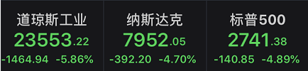 已经牛市11年的美股市场也正式跌入熊市。美东时间周三,美股三大股指再次大幅下跌。截至收盘,道指跌1464.94点,跌幅5.86%,报23553.22点,陷入技术性熊市。标普500指数跌140.85点,跌幅4.89%,报2741.38点。纳指跌392.2点,跌幅4.7%,报7952.05点。
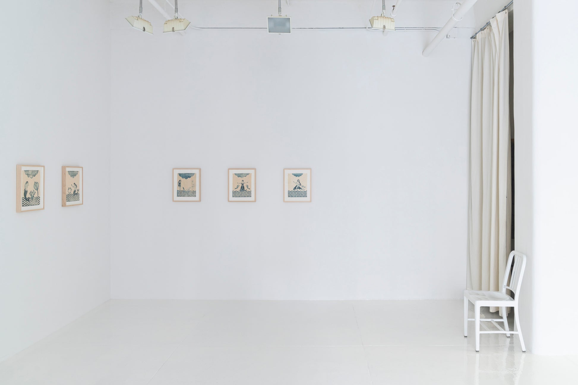 Over the past few years, her prints have been created using plant milk boxes as a matrix. The resulting Tetra-Pak prints are drypoint prints composed of a collage of elements. The Swimmers series began as drawings. There is a growing body of characters and elements that create a narrative. Most of her prints are unique or made in limited editions due to the transience of the materials.
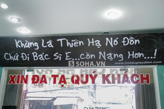 Ngay trước cửa quán, Lệ Rơi treo hướng dẫn: "Đạp cửa xông vào! Không dùng tay đẩy!". |
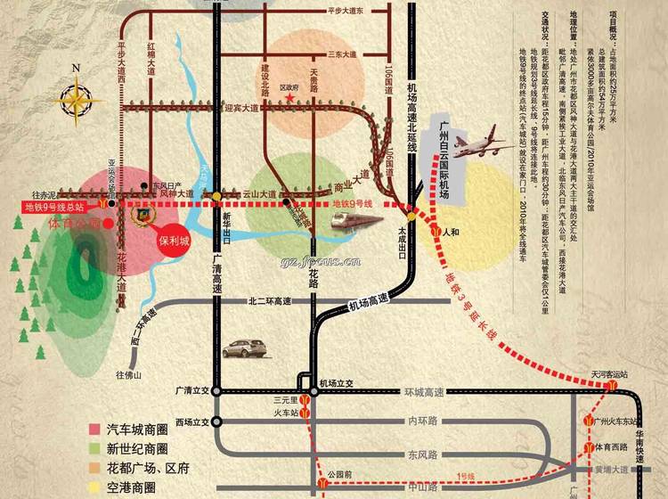 项目地块距离花都区政府和广州的车程分别为15分钟和30分钟,地铁3号线、9号线、14号线,2013年年底开通的地铁9号线的终点站(汽车城站)就确立在保利城小区门口。
● ● ●
## Problem statement
Everything in the data except the pictures must appear in your answer unchanged.

## Completed task
 已经牛市11年的美股市场也正式跌入熊市。美东时间周三,美股三大股指再次大幅下跌。截至收盘,道指跌1464.94点,跌幅5.86%,报23553.22点,陷入技术性熊市。标普500指数跌140.85点,跌幅4.89%,报2741.38点。纳指跌392.2点,跌幅4.7%,报7952.05点。
 Over the past few years, her prints have been created using plant milk boxes as a matrix. The resulting Tetra-Pak prints are drypoint prints composed of a collage of elements. The Swimmers series began as drawings. There is a growing body of characters and elements that create a narrative. Most of her prints are unique or made in limited editions due to the transience of the materials.
 Ngay trước cửa quán, Lệ Rơi treo hướng dẫn: "Đạp cửa xông vào! Không dùng tay đẩy!". |
 项目地块距离花都区政府和广州的车程分别为15分钟和30分钟,地铁3号线、9号线、14号线,2013年年底开通的地铁9号线的终点站(汽车城站)就确立在保利城小区门口。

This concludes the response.